Citizens at birth via statute law have been ruled to be “naturalized” citizens. In particular, those born abroad of US citizen parents (one or both). The reason is because Congress has no power over citizenship other than the power to define the rules for Naturalization. There are more ways that the standard, “apply, take test, take oath” method to be naturalized. One way (actually several under the statutes) is to be born abroad of US citizen parent(s). Another is to be a resident of someplace annexed to the US, such as Hawaii, Alaska or Puerto Rico. The people living there at the time were naturalized by specific acts of Congress.

See: Justia’s “NATURALIZATION AND CITIZENSHIP”, which has references to the appropriate Supreme Court cases.

As far as the difference between a 14th amendment citizen at birth due to birth in the US and “Natural Born Citizen” as used in Article II, Section 1, is (or could be) eligibility for the office of President. The Supreme Court has never taken nor ruled on such a case. Until they do, one must look to original understanding of the founding generations.


My post was in specific reference to persons born in the United States and in one of the 50 states since that place became a state. Anyone who is a naturalized US Citizen has a Certificate of Naturalization or a Certificate of US Citizenship.

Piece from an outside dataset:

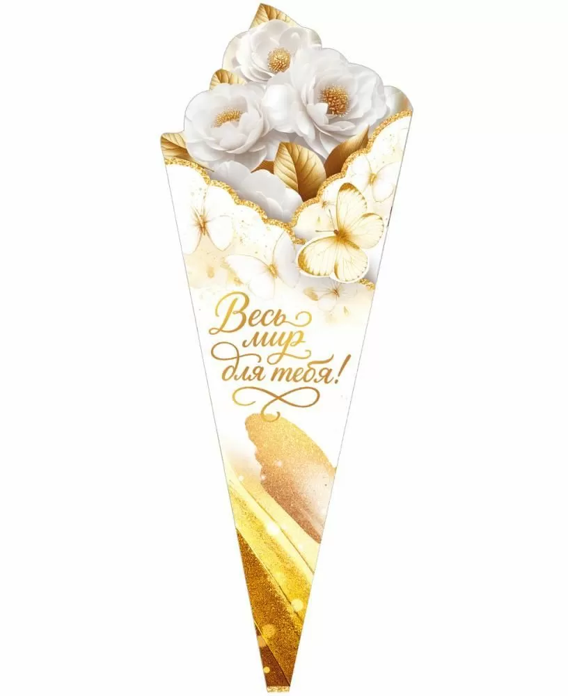 Открытка «Весь мир для тебя!» в размере А4 и в оригинальном складном формате точно вызовет восхищение у получательницы и преобразит любое торжество! В сложенном виде изделие выглядит как букет нежных белых цветов в бело-золотой обертке с изображением чудесных бабочек, одна из которых играет роль своеобразной застежки и раскрывает внутреннюю сторону «букета» с приятными, вдумчивыми пожеланиями. Открытка выполнена из прочного материала, имеет высокое качество печати и дополнительные инкрустации в виде радужных блесток в лаке, который предупреждает их обсыпание или отслаивание – всё это делает ее прекрасным и долговечным памятным сувениром.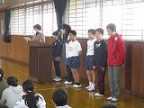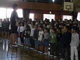 業間の時間に、明日の『鶴が岡集会』のリハーサルを、全校児童が体育館に集まっておこないました。

Since the Supreme Court has “never taken nor ruled on such a case” who is the “one” that you are referring to who “must look to original understanding of the founding generations?”

The current high court has rejected petitions for Writs of Certiorari in seven appeals challenging Obama’s eligibility.
My assumption is that the reason for those rejections of appeals is because they reached the high court after Obama had his electoral votes certified and had already been sworn in to the office.

As one US District Court Judge (Carter) stated in his dismissal opinion: Once a person is de jure president, they are also de facto president and it is the responsiblity of Congress to remove that person if they are found to be ineligible.

That’s probably why so many Obama eligibility lawsuits have been dismissed for lack of subject matter jurisdiction as well as for lack of standing.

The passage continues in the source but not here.